SPLASH 2025
Sun 12 - Sat 18 October 2025 Singapore
co-located with ICFP/SPLASH 2025

The field of confidential computing focuses on technologies that protect “data in use” to enable secure remote computation. The goal is to allow sensitive data to be processed on external machines, such as cloud servers, without compromising confidentiality guarantees.

Hardware-supported confidential computing is rapidly gaining traction in industry. All major hardware vendors have introduced confidential computing features in their processors (e.g., Intel SGX, Intel TDX, AMD SEV, ARM CCA). However, achieving strong confidentiality guarantees with reasonable performance also requires changes in the software stack. In confidential computing, system software on the cloud servers is considered untrusted, and such software can observe and influence program execution in many intricate ways. Protecting against information leaks through side channels at various layers of abstraction is a major challenge in this setting, and is often left out of scope by current hardware protection mechanisms.

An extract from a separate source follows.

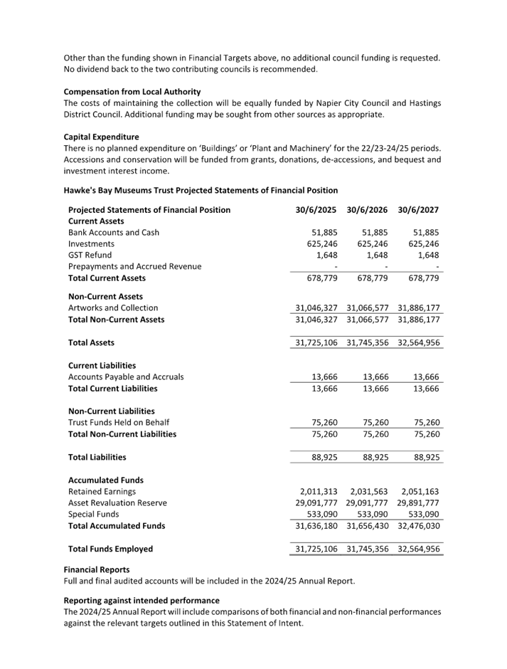 To receive the Hawke’s Bay Museums Trust Financial Report for the six months ended 31 December 2023 and draft Statement of Intent 2025-2027.

This talk will explain and illustrate these challenges, and present some ideas on how to address them.

Frank Piessens is a full professor in the Department of Computer Science at the Katholieke Universiteit Leuven, Belgium. His research focuses on software and systems security, encompassing both attack techniques and defenses.

On the defense side, he has made contributions to formal verification techniques for C-like languages, enforcement of information flow security, hardening against memory safety exploits, mitigating micro-architectural side-channels, and designing and implementing embedded security architectures.

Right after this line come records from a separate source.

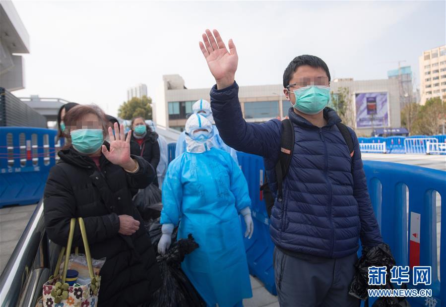 3月10日,痊愈患者出舱后向医护人员挥手致意。 当日,武汉武昌方舱医院正式休舱,医护人员护送最后49名痊愈患者出舱。 新华社记者 肖艺九 摄
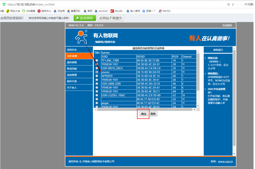 選定網(wǎng)絡(luò)后,確定;
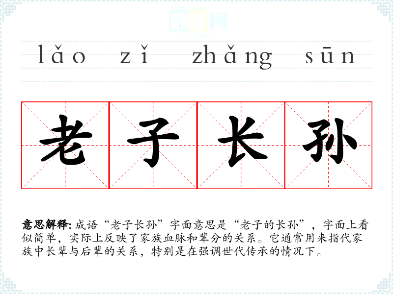 “老子长孙”并不是一个传统的成语,而是一个较为口语化的表达。其背景可能与传统文化中的家族观念有关,强调家族的延续与尊重长辈。古代社会重视血缘关系,长孙作为家族中的重要一员,承载着家族的期望和传统。

On the attack side, he has contributed to the development of novel attack techniques for transient execution attacks, memory safety attacks, and controlled channel attacks.

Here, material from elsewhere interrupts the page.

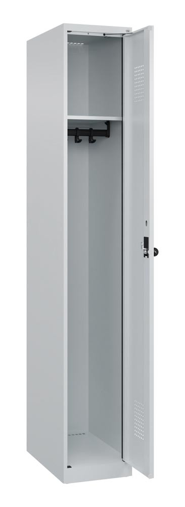 Garderobenschrank, bodenstehend ,1 Abteil, Abt. B 300 mm, Drehriegel, BxTxH 300x500x1850 mm, RAL 7035 E6476528
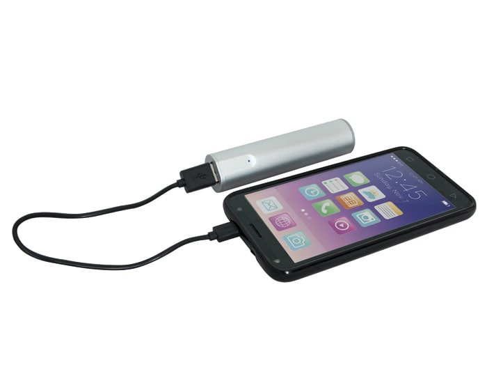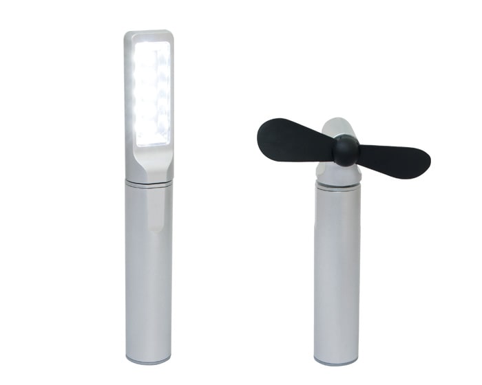 Kit de accesorios con batería de carga portátil 2200 mAh, lámpara LED y mini ventilador. Incluye estuche y cable de carga. Artículo Promocional

Frank has served on the program committee of numerous prestigious security and software conferences including ACM CCS, Usenix Security, IEEE Security & Privacy, and ACM POPL. He acted as program chair for the International Conference on Principles of Security and Trust (POST 2016), for the IEEE European Symposium on Security & Privacy (Euro S&P 2018 & 2019), and for the IEEE Secure Development Conference (SecDev 2021 & 2022).